In this work, we investigated the efficacy of GSDMD-specific siRNA and GW4869 (sphingomyelinase inhibitor that blocks ESCRT-dependent EV release) [91, 92] in inhibiting GSDMD-mediated inflammation in immortalised BMDM. GSDMD-specific siRNA inhibition demonstrated reduced levels of total IL-1β in cell-free supernatant following inflammasome activation, supporting their potential capacity as therapeutic inhibitors for GSDMD-mediated inflammation. Blocking ESCRT-dependant EV release using GW4869 also showed a reduced trend in total EV number released following stimulation, which translated to a significant reduction in total EV IL-1β content, suggesting this may reduce their capacity to induce inflammation in distant cells. However, other studies have suggested that inhibition of sphingomyelinase-mediated ESCRT machinery may exacerbate pyroptosis and IL-1β secretion in immune cells [23, 24, 26, 75], indicating that this machinery may be a double-edged sword, as it plays an essential role in membrane repair to avoid pyroptosis while also regulating packaging of pro-inflammatory cytokines into EV.

This reiterates the need for GSDMD-specific genetic inhibitors and pharmacological inhibitors to be tested in disease-specific, tissue-specific, or cell-specific models of degeneration in-vivo due to varying levels of GSDMD-inhibition providing varied levels of protection.

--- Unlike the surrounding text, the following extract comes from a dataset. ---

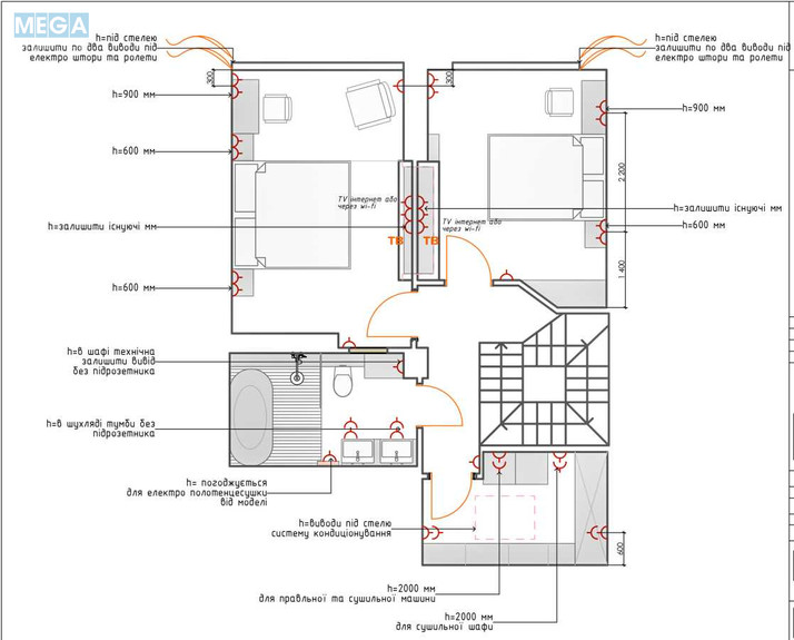 Простора кухня-вітальня, 2 спальні, 2 санвузли, гардеробна кімната.

For example, in this work, despite primary-BMDM from both GsdmdI105N/I105N and Gsdmd−/− mice secreting reduced total IL-1β and total EV IL-1β content in-vitro post-stimulation, CRISPR-mediated Gsdmd−/− mice did not provide long term protection against retinal inflammation. We reasoned that this could be due to the onset of a genetic compensatory effect in the absence of GSDMD during prolonged neuroinflammation. A study by Wang et al., 2021 observed a similar effect in a mouse model of NLRP3 inflammasomopathy, where in the complete absence of GSDMD during prolonged inflammation, there was unexpected onset of Gasdermin E (GSDME)-dependent cytokine release and pyroptosis, potentially limiting the protection provided by absence of GSDMD [47]. GSDME has also been previously implicated in photoreceptor damage in the mouse retina, which in the absence of GSDMD may further exacerbate photoreceptor cell death, providing no protection in Gsdmd−/− mice compared to WT as seen in our model of light induced-degeneration [93]. This indicates that repressing GSDME in addition to GSDMD may provide increased protection against photoreceptor atrophy in AMD.

Hence, improving our mechanistic understanding of tissue or cell-specific regulation of individual inflammasome components, such as GSDMD, its related proteins, and the downstream mechanisms is imperative for developing specific and targeted therapeutics for various retinal degeneration.

Conclusion

Inflammation is a major contributor to the onset and progression of retinal degenerative diseases. As a key executioner of pyroptotic cell death and cytokine release, GSDMD represents an ideal therapeutic target to combat the spread of inflammation and cell death that characterises these diseases. We demonstrate that impairing GSDMD function in-vivo preserves retinal function, ameliorates inflammation and cell death, and reduces overall release of pro-inflammatory cytokine IL-1β. We show evidence that GSDMD may propagate inflammation in the retina via the secretion of IL-1β via EVs from microglia/macrophage populations during damage. Developing effective therapeutics to target GSDMD could, therefore, be useful in slowing the progression of retinal degenerations by preventing the release of pro-inflammatory mediators, including IL-1β and dampen overall immune response. This strategy provides therapeutic advantage over targeting individual inflammasome components or single pro-inflammatory cytokines post-release.